Monday, December 12, 2011

It's Christmas Week!

It's that time of year when the historical romance lover considers novels focused on the season. I don’t know about you but I have found Christmas romances to be a mixed bag. Even great romance writers can turn out something not up to their usual standard for the sake of appealing to all at this season. This week I’m going to post reviews of four Christmas romances I can recommend. And, I would love to have the name of any favorites of yours! Here's the first one:

Michele Sinclair’s A CHRISTMAS KNIGHT - Wonderful Medieval Christmas Romance with Traditions of the Faith

This is a great Medieval (12th century) Christmas romance. Sinclair begins each chapter with a tradition of Christmastide or Twelfthtide (the 12 days of Christmas) as celebrated then. It’s a unique touch that really puts you in the season while giving you a worthy love story!
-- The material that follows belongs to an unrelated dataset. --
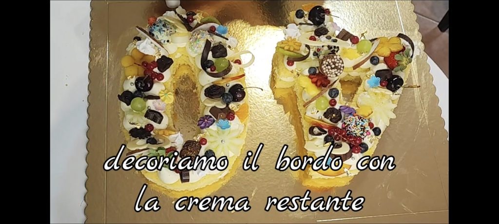 Procedemos de la misma manera con el segundo número. Ponemos una capa de crema encima de ambos. Decoramos al gusto con fruta fresca, chocolate, etc.
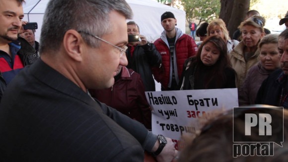 Народний депутат Сергій Міщенко поспілкувався з людьми, котрі пікетували приміщення у Борисполі, де він проводив прийом громадян. Депутат, не задумуючись, віддав годиник жіночці, котра найгучніше кричала, що він коштує надто дорого. Судячи з відео, інші пікетувальники відверто заздрили жінці.

Ranulf, a knight of King Henry II, who is scarred (literally and figuratively) as a result of his heroism of the past and shunned by most women, is a warrior known for his feats of valor. With the death of his father and cousin, he is reluctantly persuaded by an older knight, Leon le Breton, at Henry's insistence, to return to England and accept the responsibility of Lord of Hunswick Castle in Cambria. In an accident aboard ship that claims the life of le Breton, Ranulf grants the dying man's wish and agrees to marry the youngest of his three daughters, Lily. When Ranulf arrives at Huswick, it is the oldest daughter Bronwyn who captures his heart. Bronwyn is posing as her younger sister Lily to try and save her from an unwanted marriage, but Ranulf is not fooled. It is Bronwyn he wants.

Sinclair does a great job of weaving in the Christmas season's traditions that were being celebrated in the 12th century (and many today as well) while drawing us into a true love between two people who have much to give. I really enjoyed this one! Two minor nits: Bronwyn's hair color is described alternately as gold, light brown, dark tawny and chestnut which are not the same color. Also, the "loose thread" of the romance between Ranulf's best friend, Tyr, and Bronwyn's sister, Edythe, is never resolved (not even in the epilog) and that left me hungry for more!